- **Supplied entries**
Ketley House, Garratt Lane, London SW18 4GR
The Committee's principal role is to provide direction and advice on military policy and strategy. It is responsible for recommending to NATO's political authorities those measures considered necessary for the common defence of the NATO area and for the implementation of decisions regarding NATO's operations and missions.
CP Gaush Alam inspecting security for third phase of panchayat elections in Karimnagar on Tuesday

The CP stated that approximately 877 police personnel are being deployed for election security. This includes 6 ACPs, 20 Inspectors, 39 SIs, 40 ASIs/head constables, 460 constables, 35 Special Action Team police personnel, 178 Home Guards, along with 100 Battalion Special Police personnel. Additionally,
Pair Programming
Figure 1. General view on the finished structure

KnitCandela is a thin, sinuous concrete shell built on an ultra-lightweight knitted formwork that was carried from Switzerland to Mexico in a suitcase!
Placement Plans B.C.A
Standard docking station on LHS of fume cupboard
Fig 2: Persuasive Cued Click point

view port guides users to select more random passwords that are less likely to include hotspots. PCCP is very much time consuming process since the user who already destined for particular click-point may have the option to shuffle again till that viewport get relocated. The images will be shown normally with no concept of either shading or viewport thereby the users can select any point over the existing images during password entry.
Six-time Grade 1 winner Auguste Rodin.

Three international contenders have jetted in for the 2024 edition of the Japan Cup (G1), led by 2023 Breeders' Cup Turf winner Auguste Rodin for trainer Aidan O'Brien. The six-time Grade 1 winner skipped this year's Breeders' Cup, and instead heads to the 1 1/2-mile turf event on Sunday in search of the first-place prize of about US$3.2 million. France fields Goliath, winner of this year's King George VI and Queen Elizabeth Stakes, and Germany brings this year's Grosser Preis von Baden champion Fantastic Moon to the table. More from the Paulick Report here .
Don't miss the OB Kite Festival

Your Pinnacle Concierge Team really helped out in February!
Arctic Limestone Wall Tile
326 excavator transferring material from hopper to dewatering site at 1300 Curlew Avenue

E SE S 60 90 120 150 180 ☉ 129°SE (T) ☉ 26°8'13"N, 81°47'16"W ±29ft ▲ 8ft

- **What you are asked to do**
Which lines above include the word "with"? Show each one.

- **Reply**
The CP stated that approximately 877 police personnel are being deployed for election security. This includes 6 ACPs, 20 Inspectors, 39 SIs, 40 ASIs/head constables, 460 constables, 35 Special Action Team police personnel, 178 Home Guards, along with 100 Battalion Special Police personnel. Additionally,
view port guides users to select more random passwords that are less likely to include hotspots. PCCP is very much time consuming process since the user who already destined for particular click-point may have the option to shuffle again till that viewport get relocated. The images will be shown normally with no concept of either shading or viewport thereby the users can select any point over the existing images during password entry.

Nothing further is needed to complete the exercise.